For me the happy sounds of summer were far away, too. They were the Good Humor truck and the lifeguard’s whistle and the automatic sprinkler, spitting in the twilight, and the sizzle of
ribs on somebody’s Weber, and the clatter of lemonade and ice in tall frosted glasses. It was lawn mowers and weed whackers and kids playing Marco Polo in somebody’s pool. My throat
clogged up like an old drain with these happy memories.
Ku . . . lunk. Ku . . . lunk.
Dad was climbing again. I wiped my eyes and followed. What else could I do? I had to look on the bright side and try to make the best of things. At
least Dad hadn’t hijacked the bus and driven it off the side of the mountain. At least he was still here with me, and maybe—maybe he wouldn’t leave. Maybe I could do something to
make him stay. Because even though he’d promised to come back and pick me up at the end of my vacation and take me to Disneyland, what if he didn’t? What if the special doctors
couldn’t fix him? Or what if, on the way home, the urge to die got too intense, and he suddenly had to hurl himself onto the tracks in front of the oncoming Disneyland Super Express? He
didn’t really care about shaking hands with Mickey-chan after all. How much can you really trust the promise of a suicidal father?
2.
We climbed up and up, higher and higher, not saying much, each of us busy with our own thoughts. Dad was thinking about his boyhood, and I was thinking about Dad. Do all kids
have to worry about their parents’ mental health? The way society is set up, parents are supposed to be the grown-up ones and look after the kids, but a lot of times it’s the other way
around. Honestly, I haven’t met very many adults in my life who I could call really grown up, but maybe that’s because I lived in California, where all my friends’ parents seemed
really immature. They were all in therapy, and always going to personal growth seminars and human potential retreats, and they’d come back with these crazy new theories and diets and vitamins
and visualizations and rituals and relationship skills that they tried to inflict on their kids in order to build their self-esteem. Being Japanese, my parents didn’t really care about
self-esteem, and they weren’t into all that psychological stuff, even if my dad’s friend was a psychology professor. He was nice enough, an old guy who got famous in the 1960s for doing
drugs and getting high and calling it research, so you have to figure he was a bit of a flake and probably pretty immature, too. Not that I’m an expert. I’m just a teenager so I’m
not supposed to know very much, but in my humble opinion, old Jiko is the only real grown-up I’ve ever met, and maybe it’s because she’s a nun, and maybe it’s because
she’s been alive on earth for a really long time. Do you have to live to be a hundred to really grow up? I should ask her this.
Hang on . . .
That’s what I just texted to her. I’ll let you know what she says when she gets back to me. It might be a while because it’s zazen time up at the temple. Zazen is the kind of
meditating they do there, which seems different from the California kind, or at least it seems different to me, but what do I know? Like I said, I’m just a kid.

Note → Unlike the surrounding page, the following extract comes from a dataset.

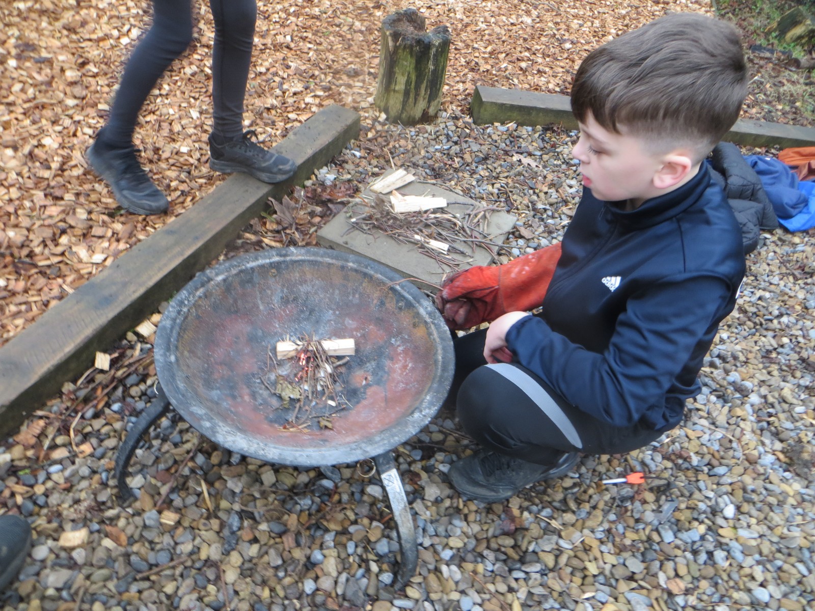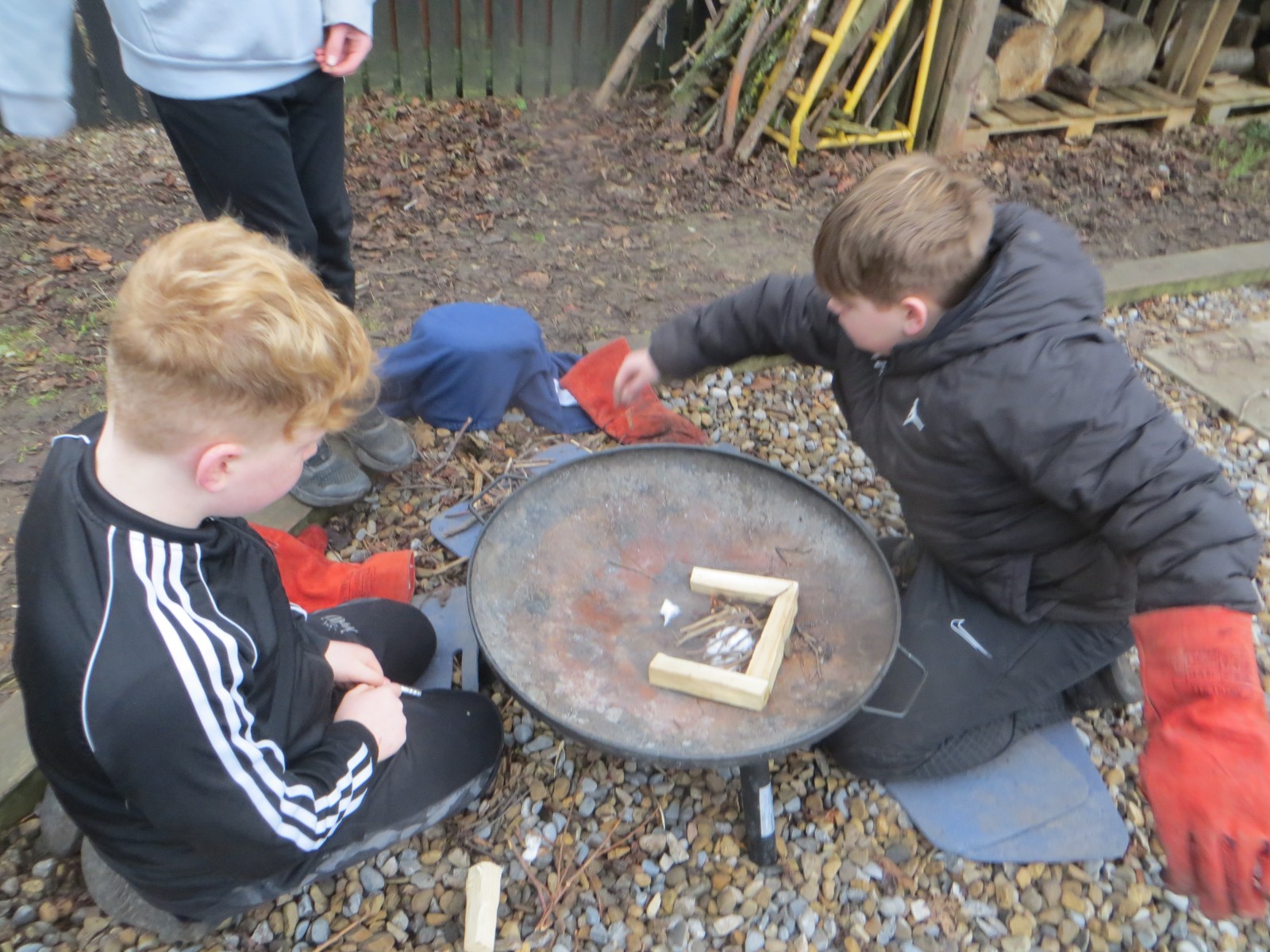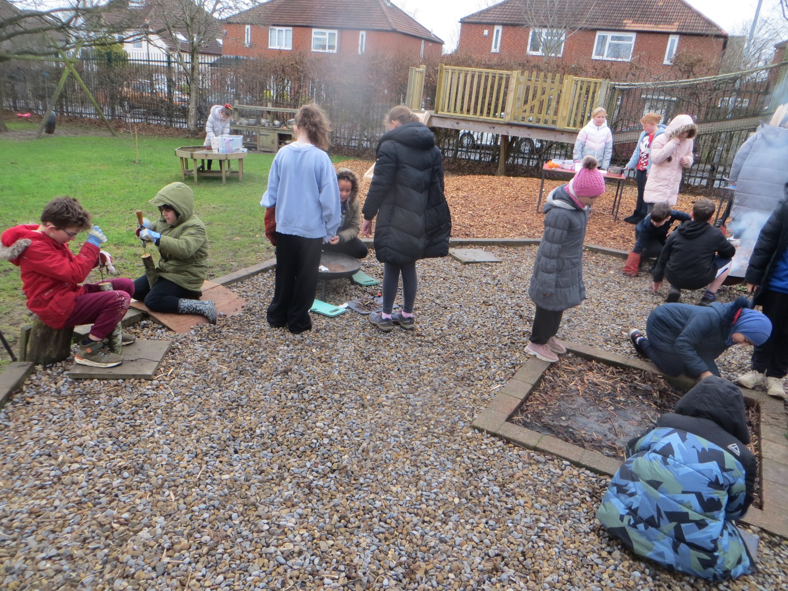 With the Winter Solstice fast approaching on Saturday, our Forest School sessions today focused on celebrating the prospect of longer days and the return of Spring by working as families to hold a Yule Party! Children had to organise themselves into families and then into smaller groups to create a fire to symbolise light and warmth in mid-winter. Part of the family also were tasked with making a decorated Yule Log which represented greenery and new life. Armed with secateurs, child had to forage around the school grounds for evergreen material then used palm drills to connect them to a log. The third part of the family team had to prepare a non-alcoholic mulled wine. Using a combination of fruit juice, caster sugar, cinnamon sticks, star anise and cloves, pupils followed a recipe to make a delicious drink which was heated on the fires. At the end of the session, we all came back together to celebrate around the fire pit with our decorated Yule Logs and warm (alcohol free) mulled wine which went down a treat! Happy Yule!

Where was I? Oh, right, we were climbing up the steps to the temple. Damn, I really suck at this. Sometimes I think I must have ADD or something. Maybe I caught it in California. Everybody in
California has ADD, and they all take meds for it, and they’re constantly changing their prescriptions and tweaking their dosages. I used to feel really out of it because I didn’t have
any meds I could talk about on account of my parents being Japanese and not knowing a whole lot about psychology, so I just kept my mouth shut. But one day at lunch someone noticed that I never
took any pills, and Kayla had to jump in and cover for me. Actually, she outed me, but in the nicest way. She gave the kid this really superior look and said, “Nao doesn’t
need
medication. She’s
Japanese
.” I know that sounds kind of harsh, but the way she said it made it sound like being Japanese was a good thing, like being healthy or something, and
the kid just shrugged his shoulders and shut up.